Last changed on September 17, 2006 by Bing Ran (bran@icer.com.cn)

New in CVS HEAD

  • 2006-09-17: added field, method and bean name reflection syntax in the AbstractJacnConfigFile. See http://sourceforge.net/tracker/index.php?func=detail&aid=1559672&group_id=144308&atid=758395 for explaination. See TestMemberNameMethods.java in the CVS HEAD for the usage. Thanks, Sean.
  • 2006-07-2: added init-method and destroy-method support. Used to be a hack. Promoted to version 0.6.
  • 2005-09-21: Jacn now is a full featured bean management facility for JSF!
  • 2005-09-4: added support for setting a FactoryBean instance itself on a property.
  • 2005-08-21: added autoWireByName() and autoWireByType() marker funtions in the config file support.
  • 2005-08-20: finally an Ant script to build Jacn.
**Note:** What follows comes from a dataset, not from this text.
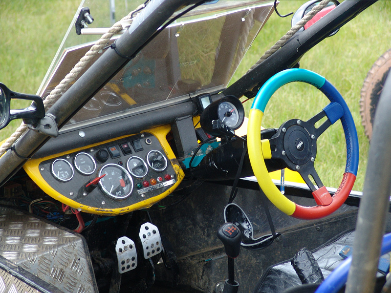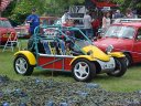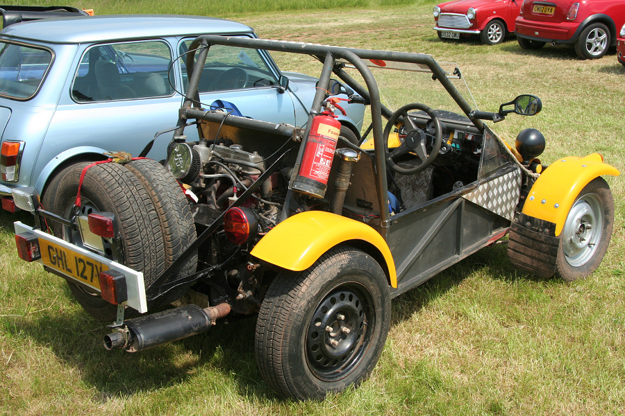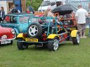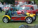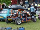 It basically uses the front end of two Minis bolted onto a steel chassis with an integral roll cage. The engine and gearbox from one of the Minis is attached to the back making it rear wheel drive and only 2 wheel drive. Obviously the Range Rover is 4 wheel drive with the engine at the front. The photographs were taken at Bristol Miniday. The Bristol Miniday, which is now actually held at Wraxall, is a good event to find out about, see and even photograph many minis. To find out the date and venue of this years mini show (which I would recommend), take a look at the Bristol Miniday web site. Here are some older (and smaller) photos of some of the same ABS Freestyles as well as another different one. All the ABS Freestyles below have a donor mini (the main one) that is the same age as my Range Rover. Maybe during this year British Leyland were using particularly poor quality steel! The photographs were taken at a previous Bristol Miniday. Home Tomcats Other Options Off Road Racers |

The Jacn built this way has ASM2.0 embedded, which means you don't need to be concerned with ASM version issues anymore.
  • 2005-08-20: Added support for Maps and lazyInit() beans.
  • 2005-08-10: added support for quick enablement of transactions on objects. Use TransactionProxyFactoryBean behind the scene. Use the enableTx method declared in the base config class to do the trick.
  • Sample usage:

    UserManager userManager;
    // ....
    userManager.setUserDAO(userDAO);
    Properties pu = new Properties();
    pu.put("save*", "PROPAGATION_REQUIRED,-UserExistsException");
    pu.put("*", "PROPAGATION_REQUIRED,readOnly");
    enableTx(userManager, transactionManager, pu, 
        new Class[] {UserDaoInterface}, new Object[]{preInterceptor}, null);
    	

    As you can see, you don't need to expose the underware - TransactionProxyFactoryBean. A simple function call will make a bean transaction-aware. An overloaded version of the method allows you to specify the pre-interceptors and the post-interceptors. See also TestEnableTx.java in the test package.

  • 2005-08-10: added a convenient method to convert a jacn config file to XML, which gives developers a quick idea what DOM object will be created based on a Jacn descriptor. It can also be used to create XML files for deployment in prodcution.
  • String xml = ConvertUtil.jacn2Xml(Jacn_QuickTx.class);
    	
  • 2005-08-09: added support for calling arbitrary methods on beans, mapped to using MethodInvokingFactoryBean.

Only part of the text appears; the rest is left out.